September 14, 2012 / 7:13 PM / in 7 years

UPDATE 1-Floods threaten Niger's main rice crop - minister

NIAMEY, Sept 14 (Reuters) - Floods could wipe out most of
Niger's main rice harvest this year as rain-swollen rivers rose
to 50-year highs across West Africa, spreading devastation, a
regional official said.
    At least 81 people have been killed in Niger since annual
rains caused flooding along the banks of the Niger River,
raising its waters to their highest levels since the 1920s.
    The country and surrounding region are still struggling to
overcome food shortages caused by poor rains last year.

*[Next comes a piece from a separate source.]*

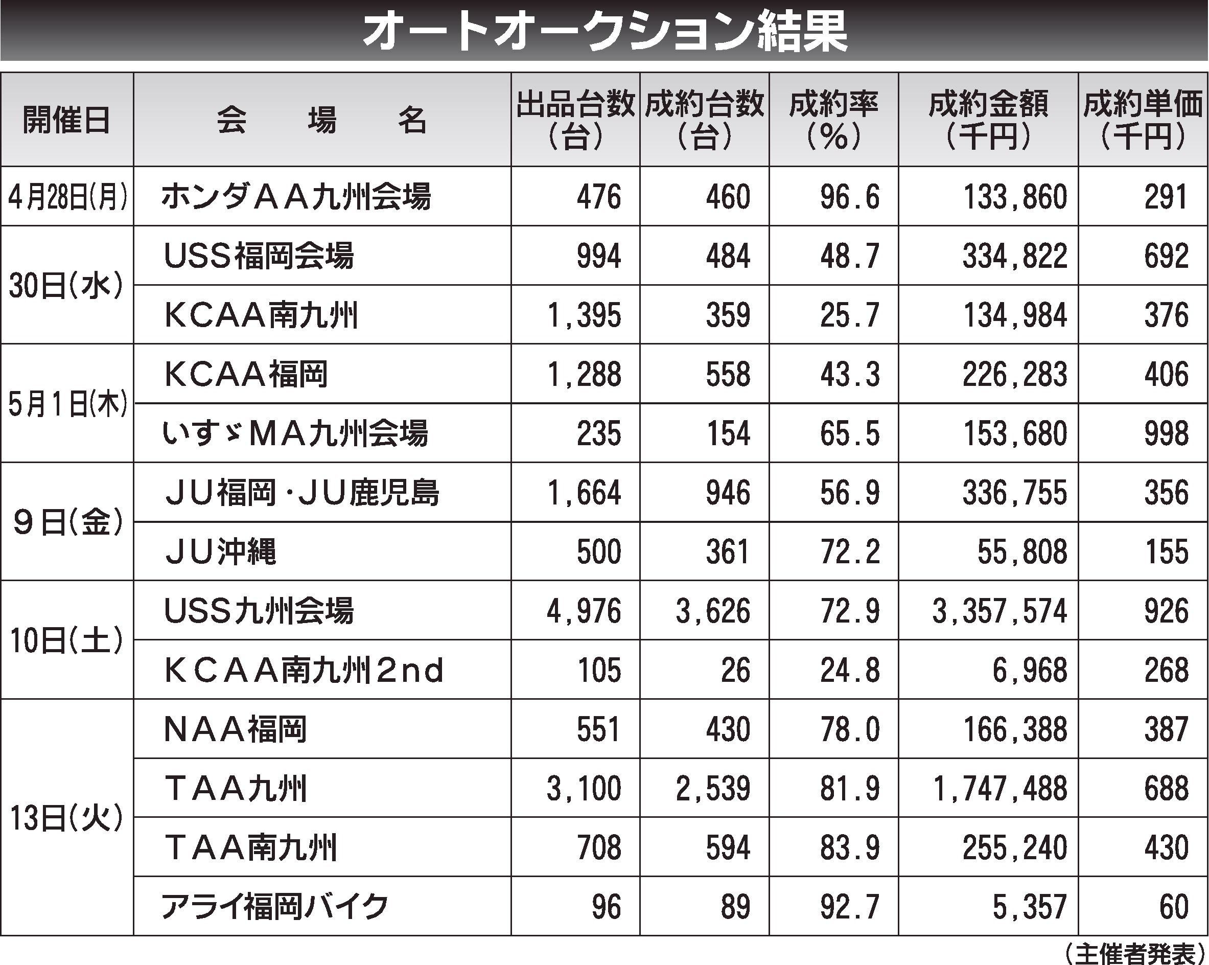 〈オートオークション結果〉九州地区 2025/4/28~5/13

    "In Niger ... most of the rainy season rice crop, estimated
at over 80,000 tonnes, risks being destroyed this year," Tiena
Coulibaly, a Malian government minister told Niger's state
television. 
    Coulibaly was speaking after chairing a meeting of ministers
in Niamey focused on tackling food shortages and increasing
production. The comments were broadcast on Friday after a
meeting on Thursday.
    The European Union, one of Niger's major donors said in a
statement later on Friday that it has disbursed 19,678 billion
CFA francs or 30 million euros ($39.44 billion) as part of a
budgetary assistance measure, to help the country guarantee food
security this year.
    EU's delegation in Niamey said in a statement that the
funding, following a earlier 10 million euros disbursed in June,
 will go towards buying cereals to be resold at affordable
prices, distributed freely or replenish the country's stocks.   
 
    Niger, a country with high population growth that lies just
south of the Sahara, produces about 130,000 tonnes of rice a
year, with a dry season crop harvest bringing in about 50,000
tonnes. 
    Another 200,000-300,000 tonnes are imported to fill the gap
in rising demand.
    About 18 million people across an arid strip of nations
stretching from Senegal in the west to Chad in the east faced a
food and nutrition crisis after last year's poor rains, the
latest in a cycle of shortages to strike the zone.